Every so often, I’ll get the question, ‘So, have you ever found any dinosaurs?’ Although I’d honestly love to encounter a dinosaur bone or two on an archaeological excavation, as a student of archaeology I have to respond that dinosaurs are generally the realm of the palaeontologist, and what I deal with are the remains of human activity. Although… Lately, I’ve been reading a book by Michael Crichton, the author of the classic dino-thriller Jurassic Park. It seems that the man who popularised dinosaurs in modern media also had ambitions for the future of Roman pottery study. The Crichton novel I’m talking about is titled Prey, and within the text is the following passage:
“The swarm represented an extremely high-resolution camera combined with a distributed intelligence network. And one thing distributed networks did particularly well was detect patterns. That was why distributed network programs were used to recognize faces for security systems, or to assemble the shattered fragments of archaeological pottery. The networks could find patterns in data better than the human eye.”
Published nearly two decades ago in 2002, the book tackles the increasingly popular topic of artificial intelligence. Some of the science-fiction he imagined then has since come into reality and common use. Most people today are well aware of the technological breakthroughs in facial recognition. It’s taken a bit longer for this artificial intelligence technology to take off in the world of archaeology, yet this is precisely the topic being explored by the University of Leicester School of Archaeology and Ancient History’s Arch-I-Scan project.
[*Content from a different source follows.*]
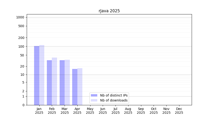 Number of downloads for software package rJava, year by year, from 2025 back to 2014 (years with no downloads are omitted):
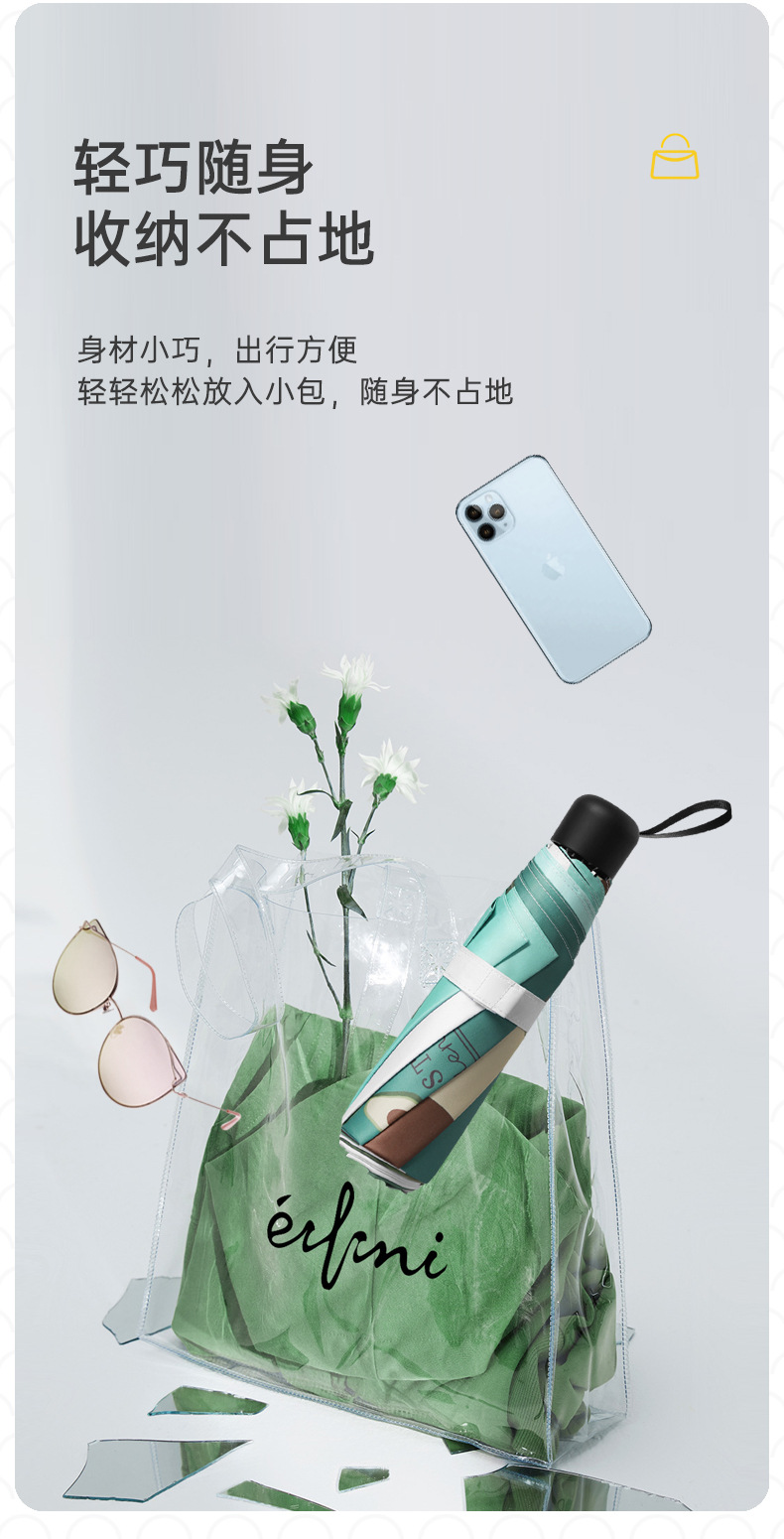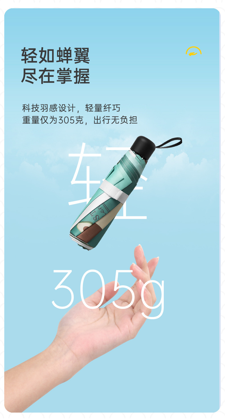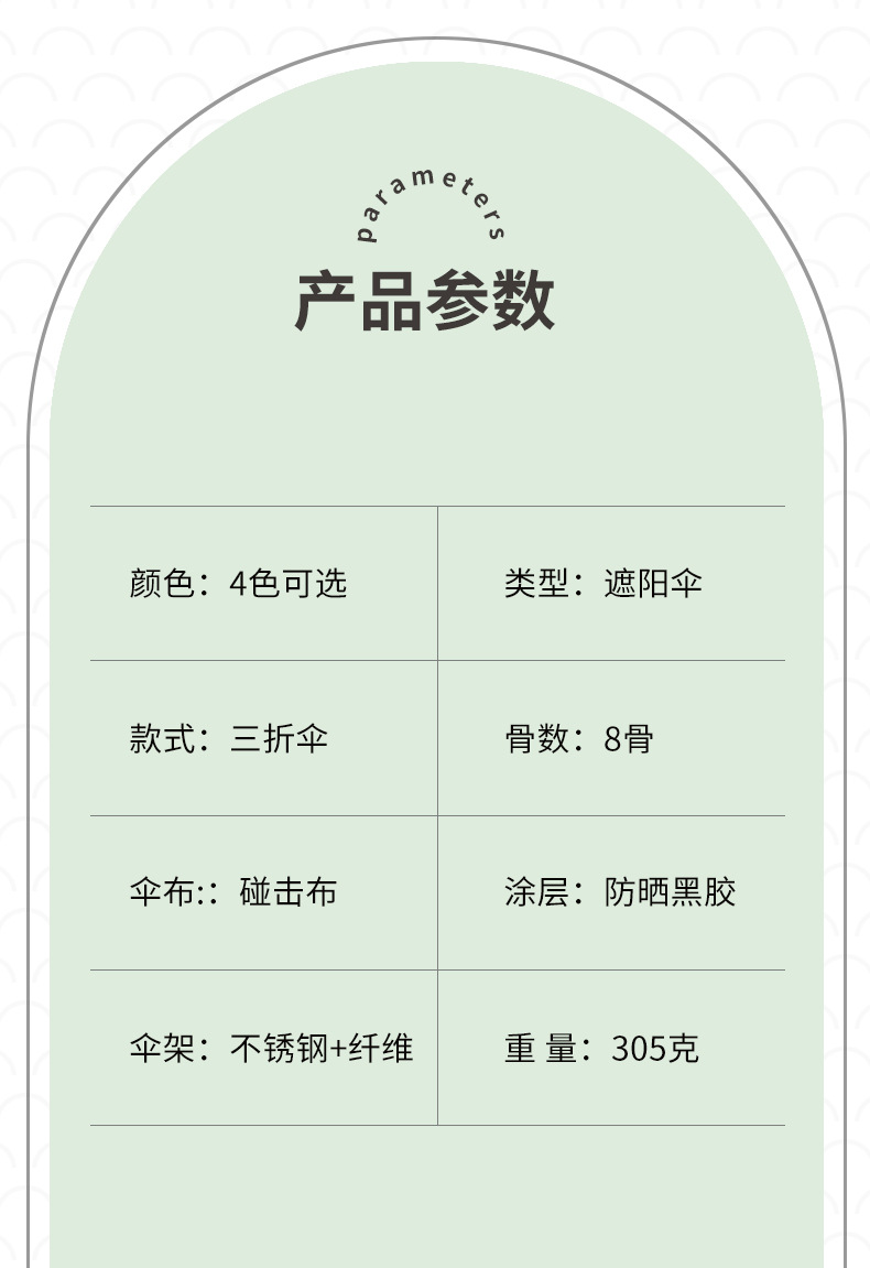 丰懋 小清新防UPF50+隔紫外线黑胶便携折叠雨伞 FXHJ20230224 54.5*98cm 三折芒果(单位:把)

Currently, in the world of archaeology, the task of identifying pottery for publication is largely the province of pottery specialists who identify samples on the basis of form (shape of vessel) and fabric (the makeup of the internal clay, which can be seen after having made a fresh break in the pottery sample). It takes years of training to reach such a level of expertise. In Prey, Michael Crichton envisaged that ‘The networks could find patterns in data better than the human eye.’ Just as Crichton suggested, artificial intelligence technology now has the potential to analyse images and identify thousands of features beyond what we as humans may see and use as identification metrics. Each year, the ImageNet Large Scale Visual Recognition Challenge (ILSVRC) takes place, in which computer technology is pitted against humans in image recognition challenges. The graphic below shows some results of this competition related to percentage error of identification: the human eye was bettered by the the AI in 2015, and the technology only continues to get better.
An archaeologist will identify a piece of pottery as a certain ‘type; according to a number of observable categories, including colour, texture, size, shape, curvature, wall thickness, presence or absence of specific diagnostic features, etc.). When an AI service ‘reads’ a photo of the same piece of pottery, it may identify thousands of additional features according to different sections of the photo, and if it compares these features to what it has already learned from previous photos or input data, the AI machine-learning service can, in theory, isolate patterns and identify better than the human eye. Such a service would aid in the quick and consistent identification of pottery samples. Now, Arch-I-Scan is working to turn that theory into archaeological practice.
Indeed, it’s true that an AI service can process images and hone in on large numbers of features relatively quickly, but it can only convert these feature-patterns into useful object identifications if the AI service has a large enough knowledge-base. AI image recognition operates similarly to the ways in which humans identify new things that they see: comparison of the new object to what is recognised from prior experience. After it has been trained to a degree, the machine should become more consistent in its recognition, or free from what pottery specialists know to be errors. The AI will become more intelligent according to the premise the more it sees, the more it learns. This self-learning component is crucial, but it can also be one of the most confusing or frustrating aspects of the research. The computer will generate rules based on raw data that has been fed into it, but we don’t necessarily know what rules it is making up for itself to isolate patterns in the data. Instead, we ‘train’ the machine by feeding it hundreds of thousands of varied, real-life images from which to learn. There are certain tricks our mathematicians may use to guide the AI machine on its learning journey, but for now the Arch-I-Scan team must collect as many photos of Roman ceramic table wares as possible in collaboration with our project partners: the Museum of London, Museum of London Archaeology, University of Leicester Archaeological Services, Vindolanda Charitable Trust, and Colchester and Ipswich Museum Service.
Prey, like Jurassic Park, is a cautionary tale about the ethics of exploring new technologies, and whether or not we should enter that brave new world, even if we can. It may then be worth highlighting that the aim is not to eliminate the need for pottery specialists. Rather, a successful machine-learning service would speed up post-excavation processing, allowing specialists to perform more comprehensive studies, the likes of which can often be impeded by time and budget constraints. Furthermore, it may facilitate pottery identification for various non-specialists including museum professionals, scholars, and interested members of the public, ultimately fostering a greater engagement with this subset of material culture. Any such automated tools which promote quicker and more consistent identification would furthermore help to face the ‘Big Data Challenge’ in the world of cultural heritage – expanding the study the vast amount of legacy data which has built up over time.